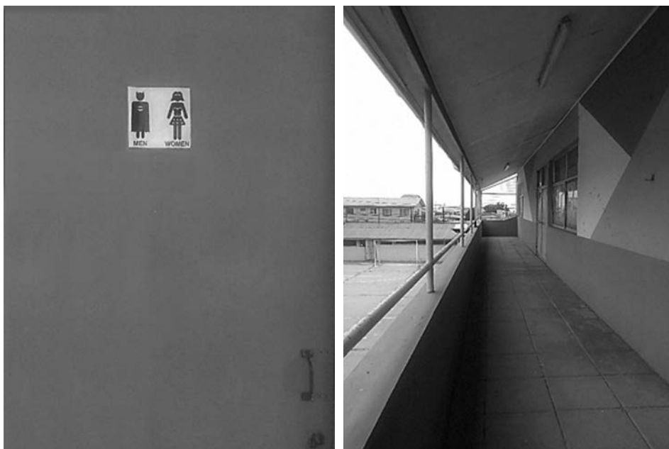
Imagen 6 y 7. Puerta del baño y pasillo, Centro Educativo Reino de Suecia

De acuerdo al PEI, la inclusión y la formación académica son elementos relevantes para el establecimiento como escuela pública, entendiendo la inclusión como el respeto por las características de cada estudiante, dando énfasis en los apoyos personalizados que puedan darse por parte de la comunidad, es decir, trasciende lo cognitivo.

□ □ □ □ □ □ □

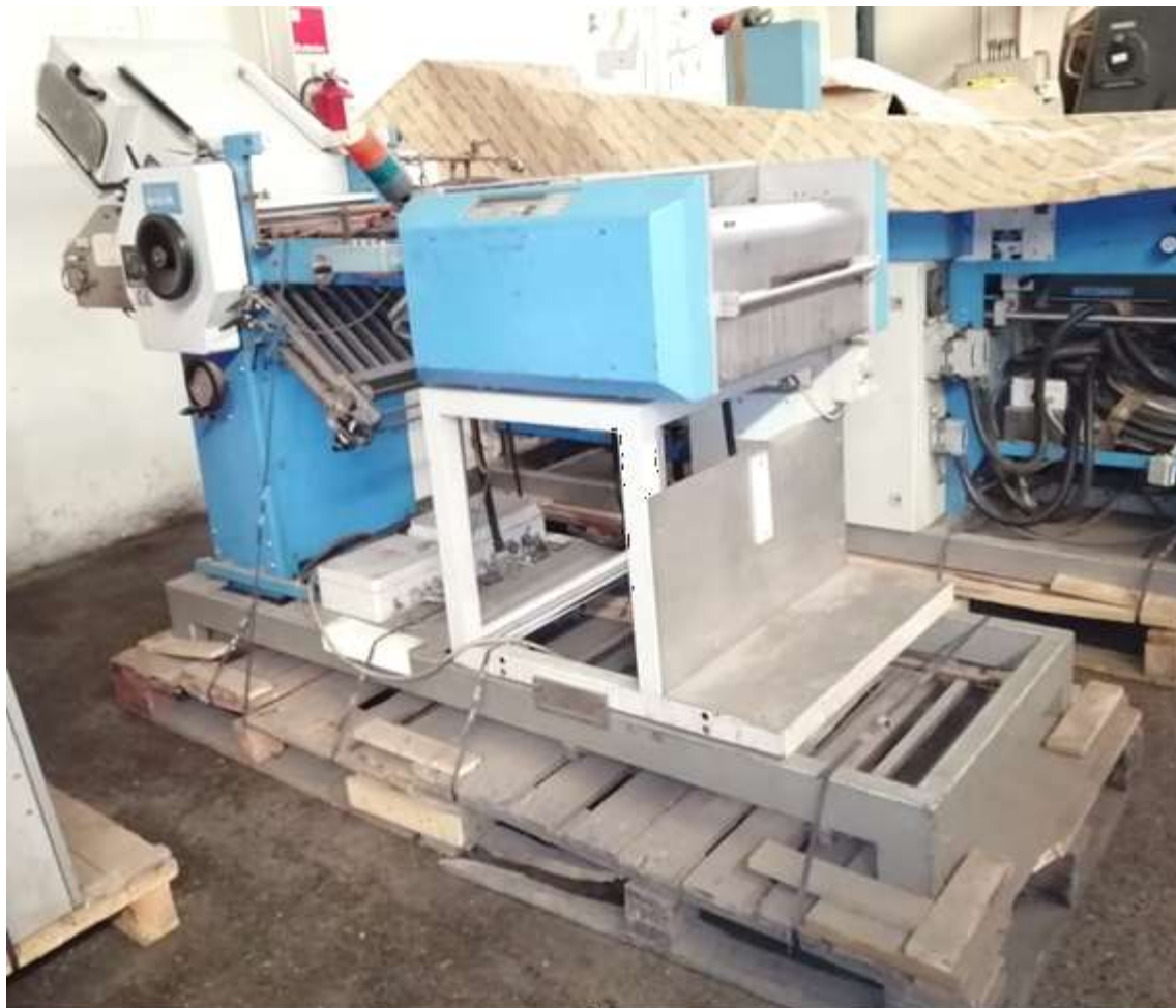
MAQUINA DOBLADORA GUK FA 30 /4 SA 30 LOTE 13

□ □ □ □ □ □ □

> [Required action] What is asked for is an exact copy of the lines above from the one containing "Imagen 6 y 7." through the one containing "De acuerdo al", and only those.

> [Written solution]
Imagen 6 y 7. Puerta del baño y pasillo, Centro Educativo Reino de Suecia

De acuerdo al PEI, la inclusión y la formación académica son elementos relevantes para el establecimiento como escuela pública, entendiendo la inclusión como el respeto por las características de cada estudiante, dando énfasis en los apoyos personalizados que puedan darse por parte de la comunidad, es decir, trasciende lo cognitivo.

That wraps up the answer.